- Lydia (Valletta) and Victoria (Stowe)
- Episode no.: Season 1 Episode 5
- Directed by: Kenneth Fink
- Written by: Nikki Toscano
- Original air date: October 19, 2011
- Running time: 42 minutes

Guest appearances
- Amber Valletta as Lydia Davis; Max Martini as Frank Stevens; Ashton Holmes as Tyler Barrol; James Tupper as David Clarke;

Episode chronology
| ← Previous "Duplicity" | Next → "Intrigue" |
- Revenge (season 1)

= Guilt (Revenge) =

"Guilt" is the fifth episode of the first season of the American drama television series Revenge. It aired on ABC on October 19, 2011, and was written by Nikki Toscano and directed by Kenneth Fink.

==Plot==
Victoria Grayson (Madeleine Stowe) finds out through Frank (Max Martini), that Conrad Grayson (Henry Czerny) has lied about his supposed business trip and instead spent the night in the city at Lydia's. When she confronts him about the secret rendezvous with Lydia Davis (Amber Valletta), Daniel Grayson's (Josh Bowman) friend Tyler (Ashton Holmes) overhears and tells Daniel about it. During the conversation, Daniel finally finds his phone. Daniel goes to see Jack to find his credit card and apologizes for his behavior the previous night. Lydia arrives unannounced to Victoria's luncheon.

Daniel comes to see Emily Thorne (Emily VanCamp) and they patch things up, but not before Daniel finding out that Tyler lied to him. Daniel confronts Tyler, but he claims he was looking out for Daniel. Conrad gifts Victoria a peace offering in the form of a $200,000 car, which she ultimately gives to Charlotte Grayson (Christa B. Allen) in an attempt to mend their relationship.

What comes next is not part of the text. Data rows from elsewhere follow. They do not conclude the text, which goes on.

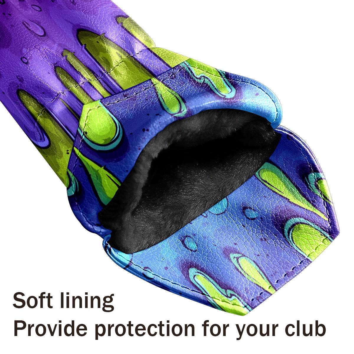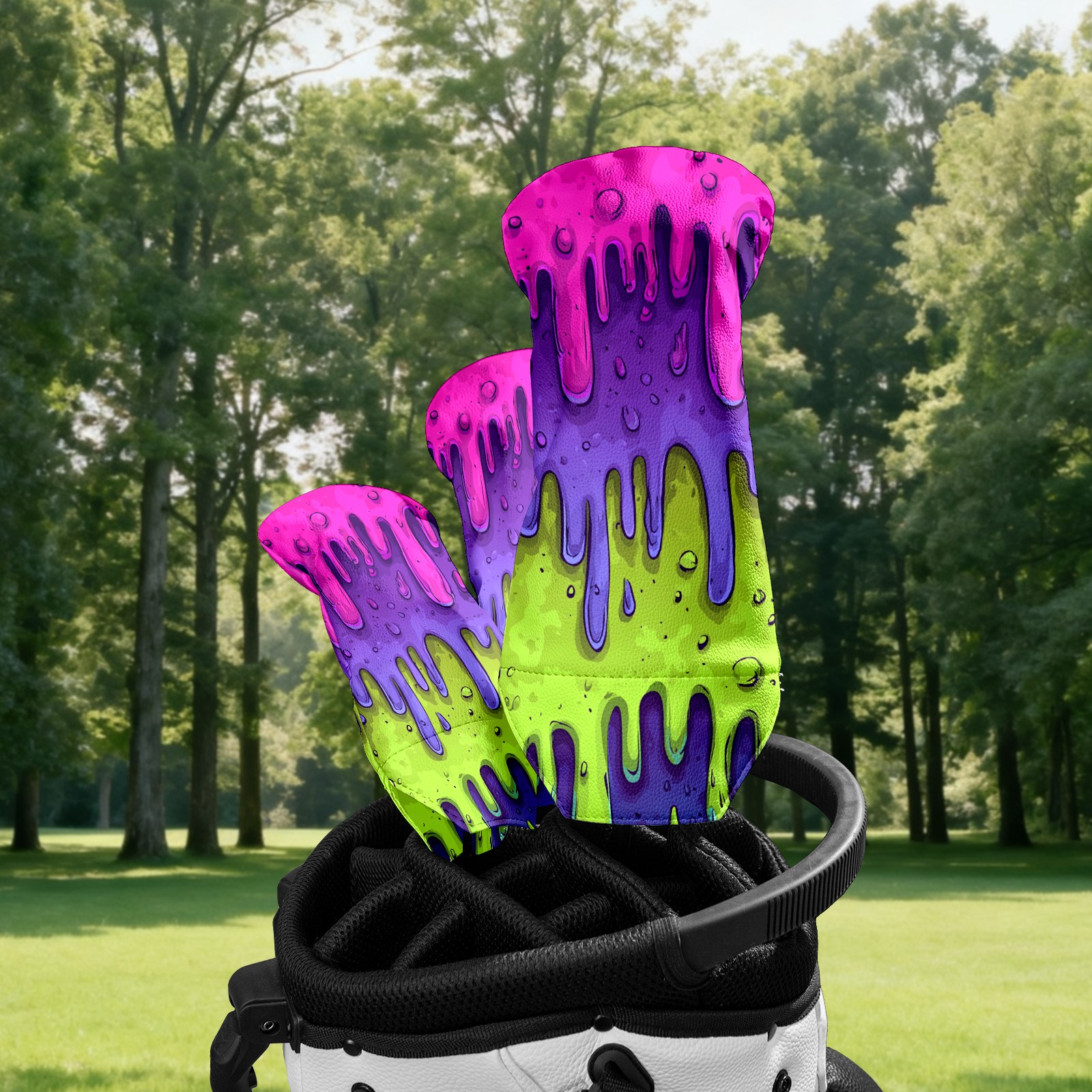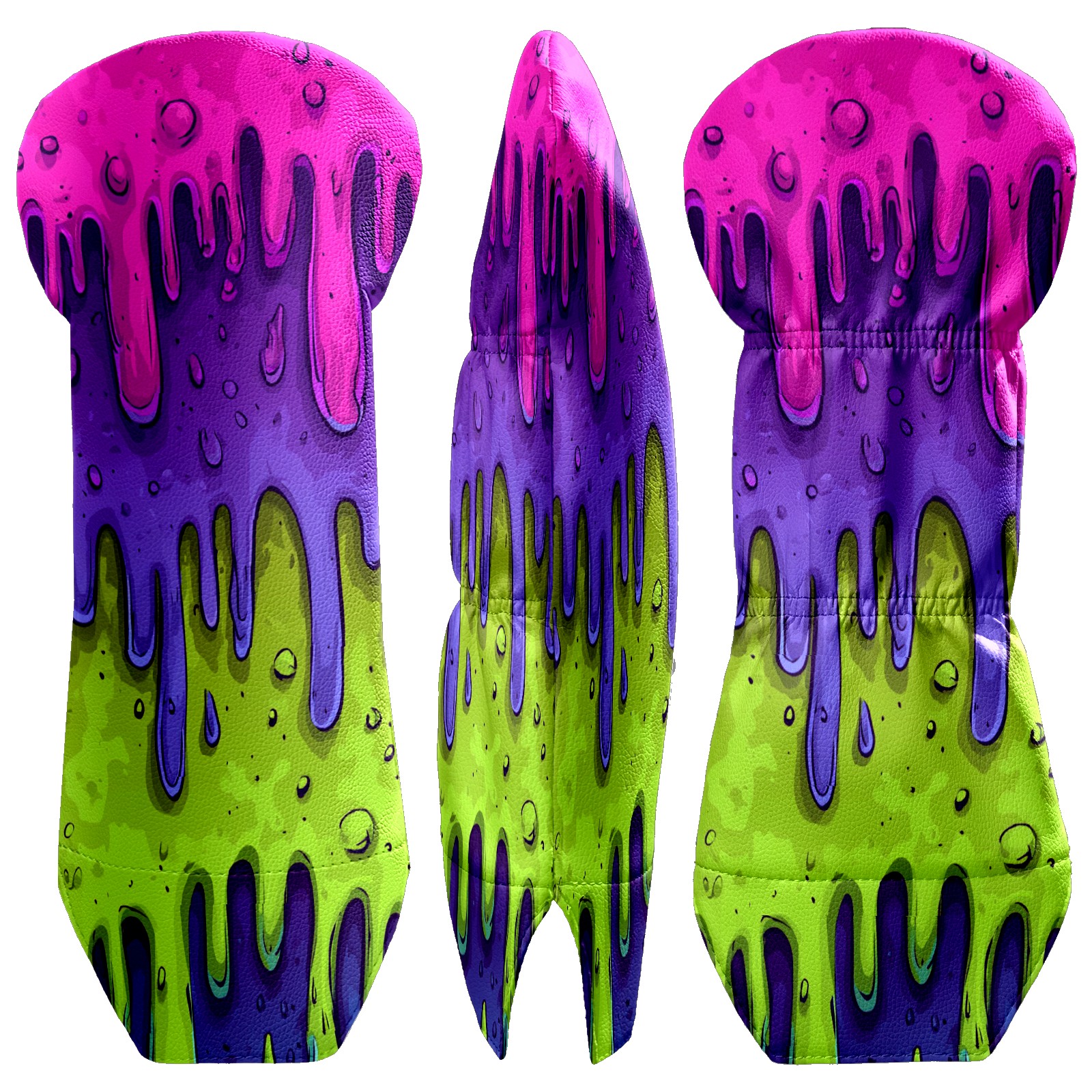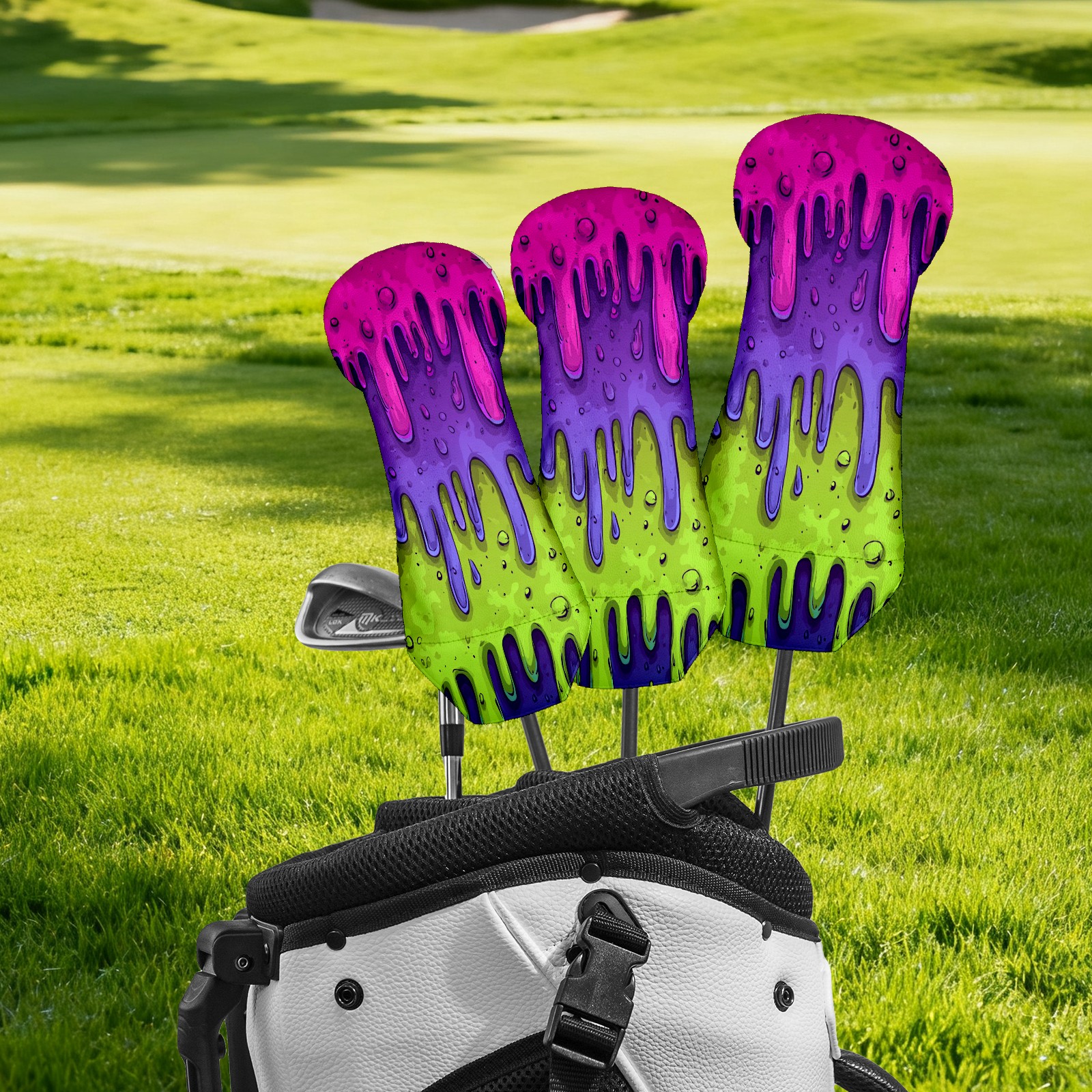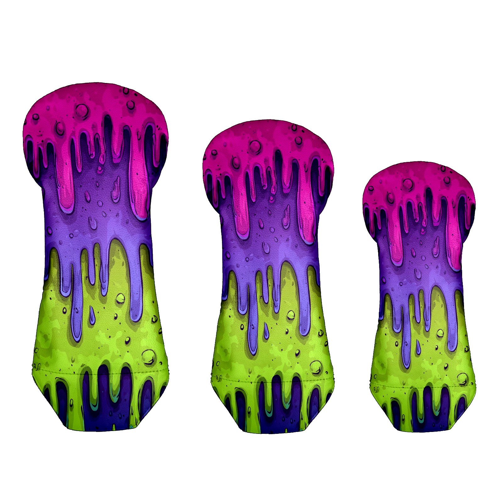 Golf Club Covers, Slime Cartoon PurpleGreen Golf Driver/Fairway/Hybrid/3 Wood Headcover Premium PU Leather Soft Velvet Lining, Waterproof Golf Protectors, Ideal Gift for Golf Enthusiasts
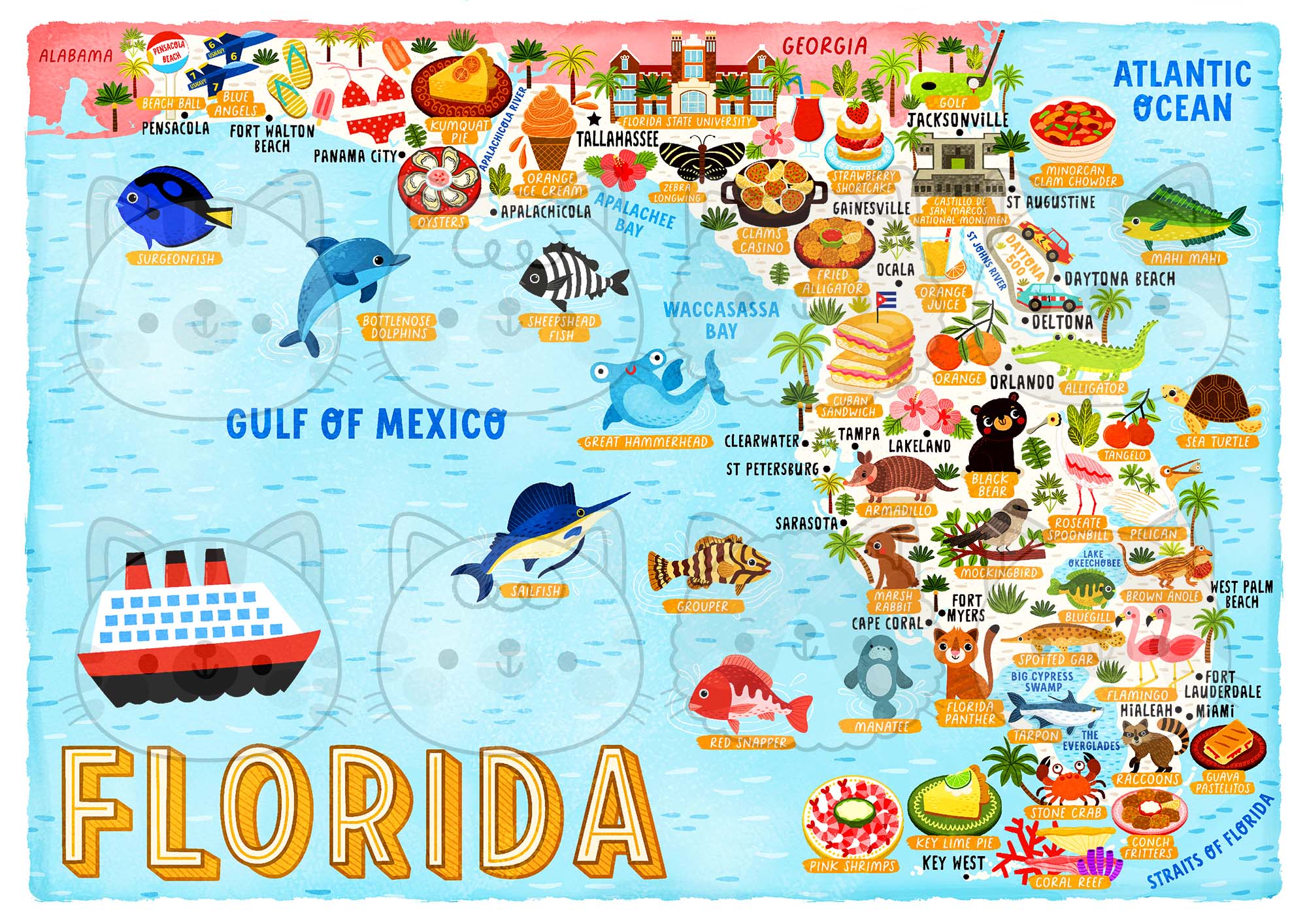 My 44th map, and the fourth map of 2023, is a highly requested map of Florida. As with my previous maps, there are tonnes of details including locations, food, animals, and more.
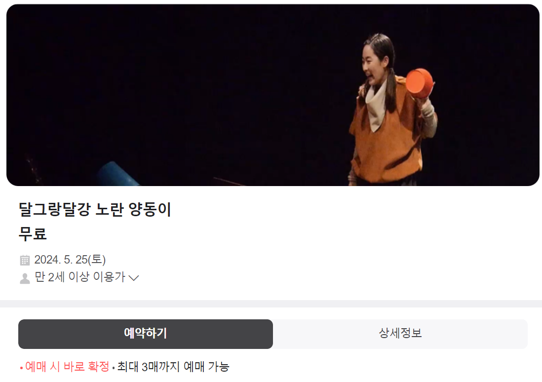 ◾만 2세부터 관람가능한 연극 '달그랑달강 노란 양동이'는 회차별로 50명(사전예약 30명, 현장예약 20명)으로 총 100명이 참여가능하기 때문에 즐거운 관람되시기 바랍니다.
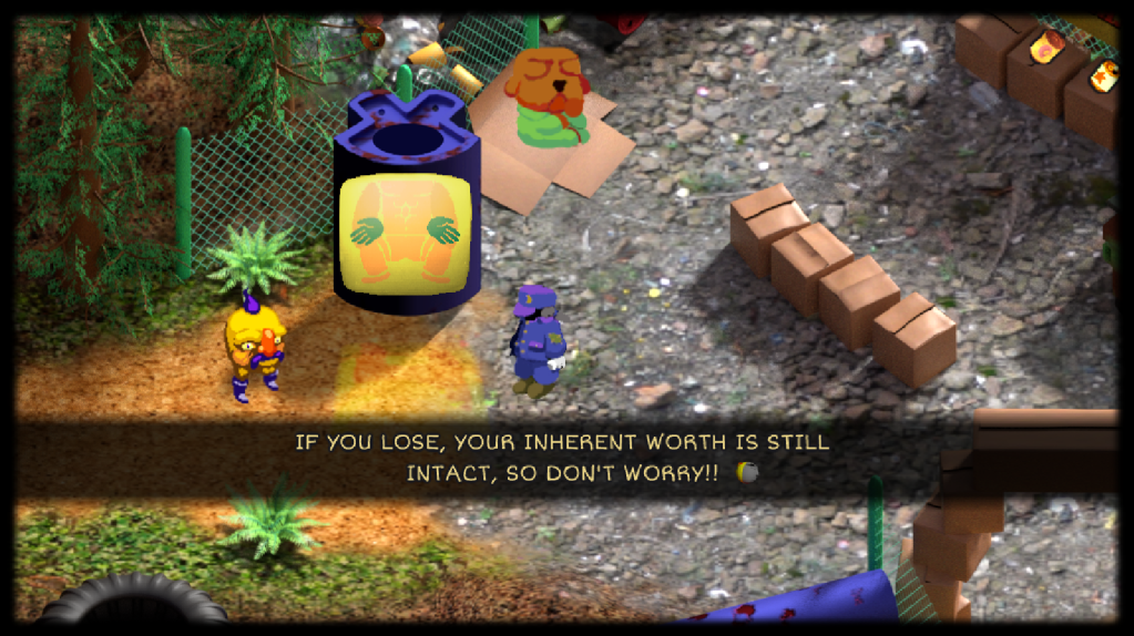 That said, I’m glad I took this journey. 24 Killers is a genuinely charming, characterful game with excellent writing and some truly memorable moments in store that very much warrant a play. It’s a warm-fuzzies inducing experience and it does so in such a unique way that I can’t name another game accomplishing exactly what this does, not even in Kimura’s ludography. Maybe someday I’ll find myself on these sandy shores again, powering an elevator with a treadmill to free a sentient teacup from an underground bunker. But even if I don’t, I know my inherent worth will remain intact. The squats machine told me so.
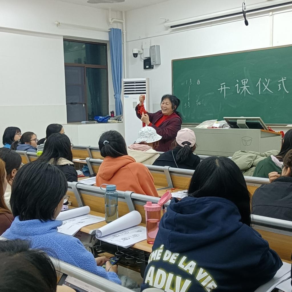 在开课仪式前,院团委社会实践部的干事们为现代女红工艺课的各位同学介绍课程基本情况,考勤要求,并组织学员购买教材。
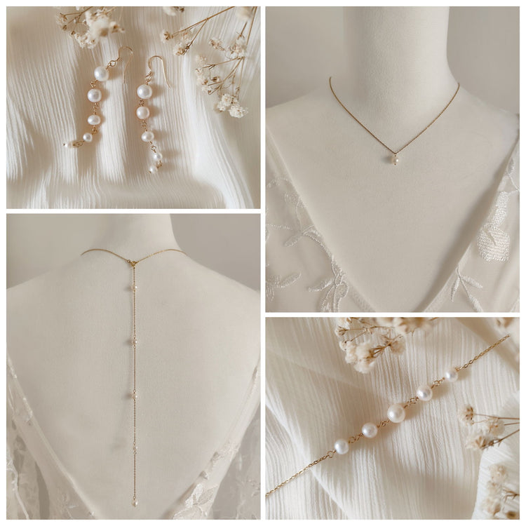 Le collier de dos Juliette est en chaîne acier inoxydable doré ou argenté et perles d'eau douce.
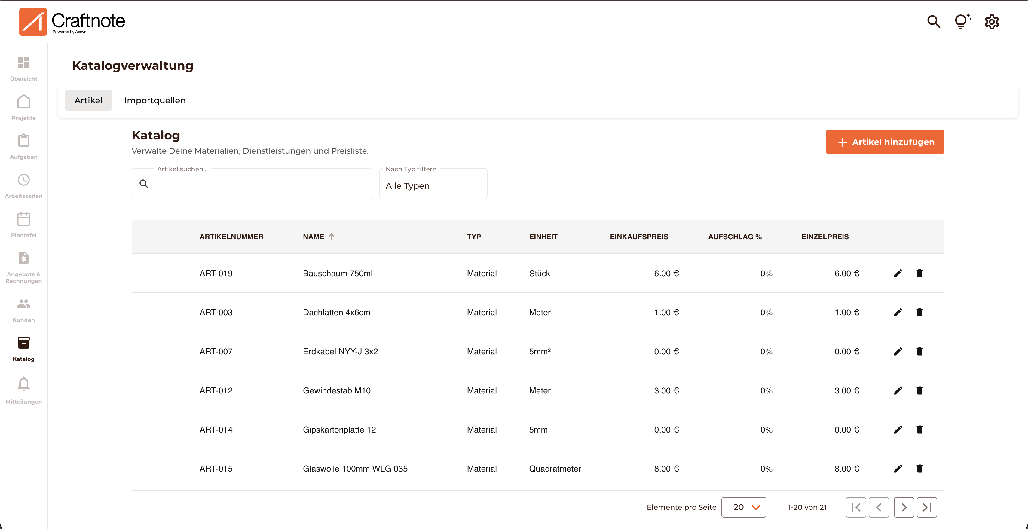 - Verfügbare Felder: Artikelnummer, Name, Typ, Einheit, Einkaufspreis (EK), Aufschlag (%), Verkaufspreis (VK) und Notizen
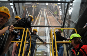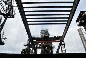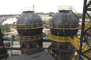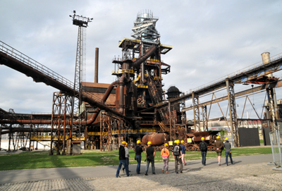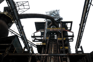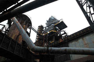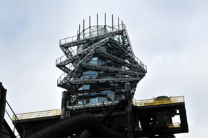 Po obejściu i obejrzeniu wszystkich obiektów wjeżdżamy specjalną windą po pochylni na wielki piec nr 1, a następnie wchodzimy na jego szczyt, na którym nadbudowano niedawno Bolt Tower.

Nolan Ross (Gabriel Mann) plants a hidden camera in Emily's house, thus catching Lydia expressing her desire to get the house back from Emily. Emily refuses to give up the house and proceeds to ship Lydia's remaining belongings to her new place, planting "evidence" that makes it seem as if Lydia has been behind the string of downfalls. Nolan's hidden camera goes with the belongings and catches Lydia threatening Conrad about exposing their involvement in framing David Clarke (James Tupper). Nolan also sees Lydia seeming to have found out about Emily's past. He races to tell Emily that she might be in trouble. Frank breaks into Lydia's place and discovers documents suggesting she was the mastermind of the recent falls of influential people in the community, as well as her speech meant to expose the Graysons.

At the Open Arms Charity Benefit, Victoria lies to Lydia about renewing their friendship, in order to keep her from exposing their involvement in the terrorist act. Lydia comes home and they get into a scuffle that ends with Frank pushing Lydia from her penthouse balcony, before she lands on a taxi below with Frank informing Victoria that Lydia had jumped from her balcony and Nolan having witnessed the attack from his whale cam, believing that Lydia is dead after sneaking into her apartment to remove Emily's name from the employee list and finding her body.

In an effort to make up for the trouble at the last event, Victoria's party planner Ashley (Ashley Madekwe), spurred by a suggestion from Emily, manages to get Victoria and her charity Victims United Outreach honored by Open Arms in the upcoming benefit. As she is forced to once again publicly honor the victims of the ill-fated flight that sent David Clarke to prison, Victoria begins to feel that guilt weigh with renewed intensity on her conscience.

==Production==
The episode was written by Nikki Toscano, and was directed by CSI: Crime Scene Investigation veteran Kenneth Fink.

==Reception==
===Ratings===
The episode was watched by 7.94 million viewers and received a 2.5 rating/7% share in the 18-49 demographics.

=== Critical reception===
Critics expressed delight in getting a dose of reality when the character Emily (Emily VanCamp) has finally found herself in a significantly dangerous situation of being exposed. They also praised the character developments of both Victoria (Madeleine Stowe) as she appears to have a heart and conscience after all, and Nolan (Gabriel Mann) as he becomes a bigger part of Emily's life because of his loyalty to her and her father. C. Orlando of TV Fanatic writes, "It's good to be reminded that he vowed to do his best to protect her. He's certainly doing all he can and I like his quirky loyalty more each week." Orlando went on to give the episode 4.5 out of 5 stars, while seemingly more impressed users gave an average of 4.9 out of 5 stars on the site.